Trace #6 — FAIL: An obvious advance-fee scam email from “Prince Makumba” offering $8.5M. The agent replied: “Could you provide more details about this inheritance?” Critique: “Engaged with a textbook scam email instead of ignoring it. Any reply validates the scammer’s target. Expected behavior: no reply.”

You now have a labeled dataset with pass/fail judgments and critiques. The natural next step: fix the obvious problems you’ve just discovered.

Manually Fix Errors

The labeling process will reveal generic, often simple issues. Examples include a missing instruction in a prompt, a broken tool call, or a formatting problem. Fix these before doing anything else. Do not build an evaluator for something you can just fix right now.

As Hamel Husain recommends, address obvious errors discovered during review before building judges. The point of the flywheel is product quality, not a pretty eval suite [4].

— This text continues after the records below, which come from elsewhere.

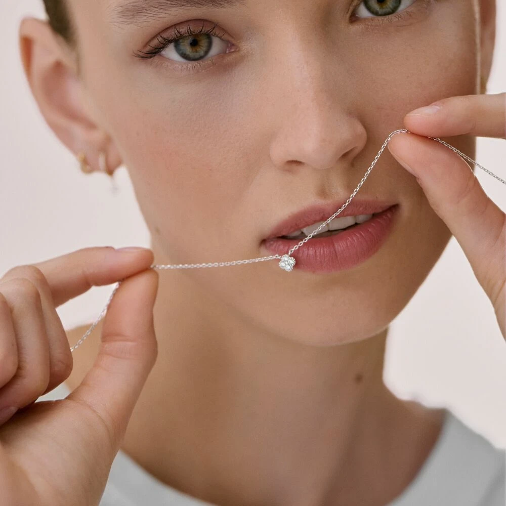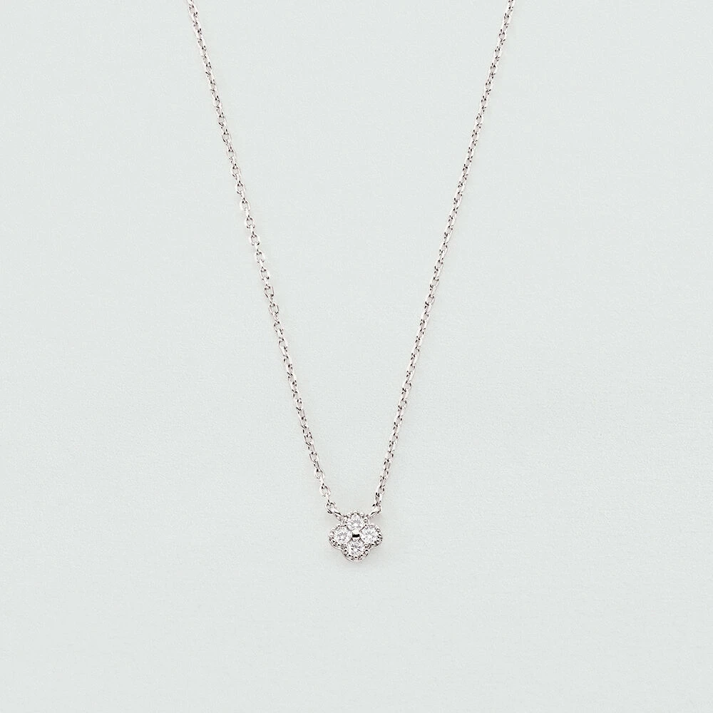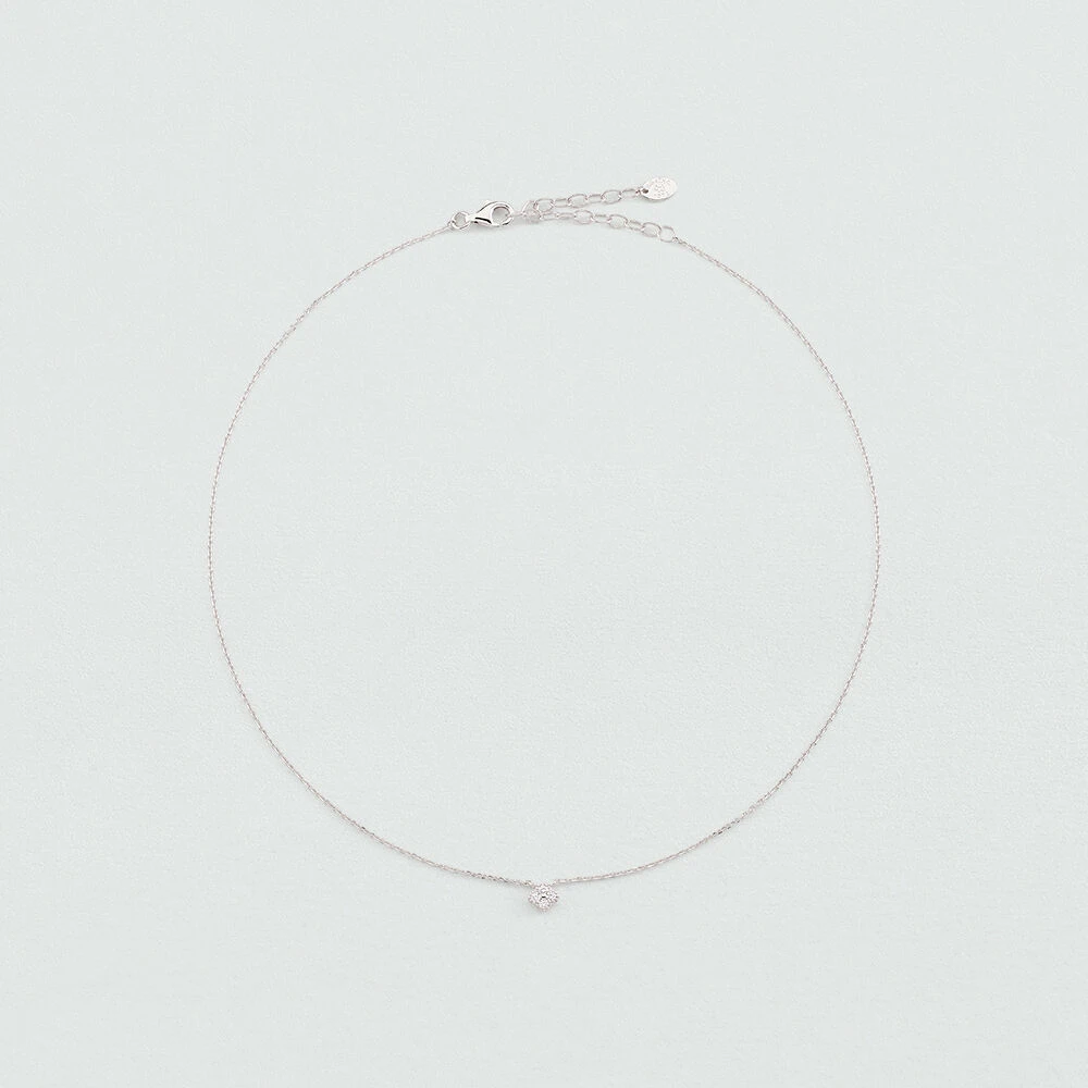 Collier, en argent véritable, avec un pendentif en forme de fleur dont les pétales sont des oxydes de zirconium et dont le pourtour est finement réalisé avec un graineti. Ce bijou mesure 375mm et contient une rallonge de 50mm
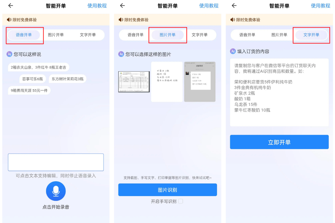 AI开单(智能开单) 一、适用场景在手机开单时,通过语音、图片、文字三种方式,实现快速开单,提升开单效率。二、操作说明1、支持单据类型采购订单、采购入库单,销售订单、销售出库单2、AI开单操作(1)点击“Ai开单”(2)根据当前需求,选择语音、图片、文字任意方式进行智能开单。
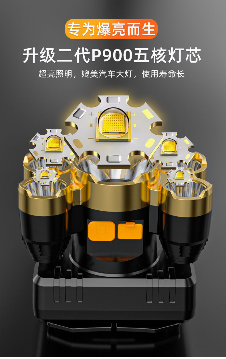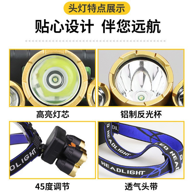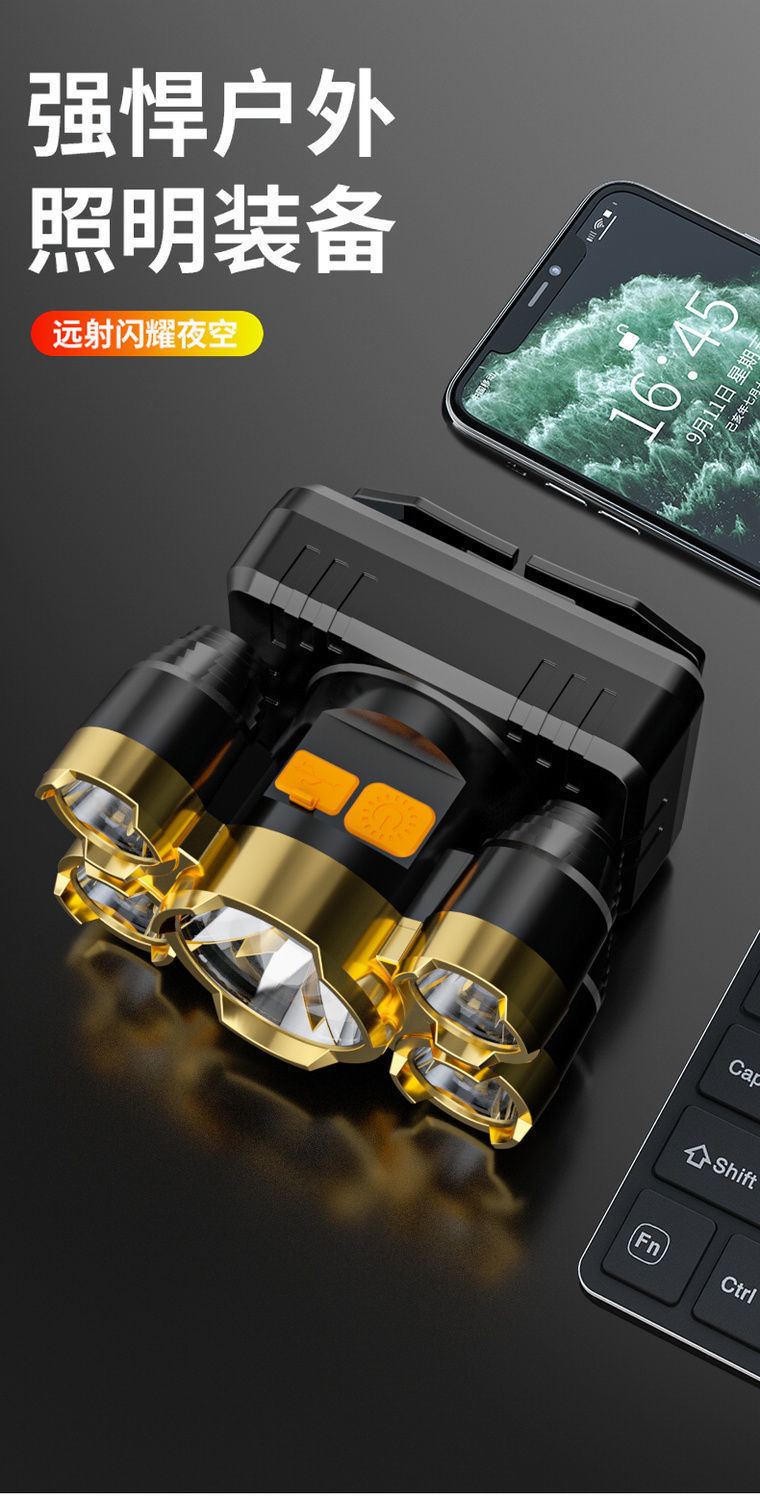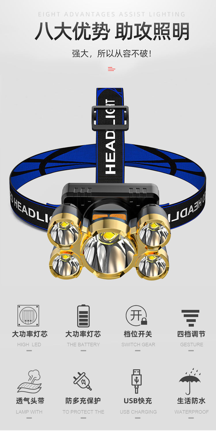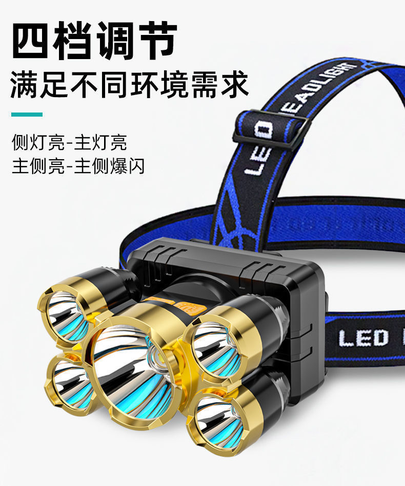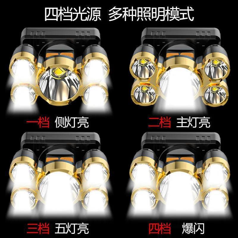 Пятиголовый фонарь сверхдлинное время автономной работы, светодиодный сильный свет, сверхяркий перезаряжаемый дальномерный фонарик для наружной рыбалки

After fixing, re-run your system with the same inputs and potentially new ones to generate fresh outputs. Label the new outputs. Did your fixes work? Did they introduce new problems? This is the inner loop of the flywheel: create, label, fix, and repeat. Each iteration improves your system and enriches your dataset.

Every iteration adds more labeled examples to your dataset. Failed examples that you have now fixed become regression test cases. They ensure old bugs do not come back. New examples expand coverage. Over time, your dataset becomes a living artifact that captures the accumulated knowledge of what “good” and “bad” look like for your specific app. This is the foundation for everything that follows. Aim for continuous growth: start with 20–50, grow to 100+, and keep adding as you discover new failure modes in production.

🔎 Back to our simple agent example that answers professional emails or Slack messages. During labeling, the domain expert flagged several traces where the agent replied to obvious phishing and scam emails.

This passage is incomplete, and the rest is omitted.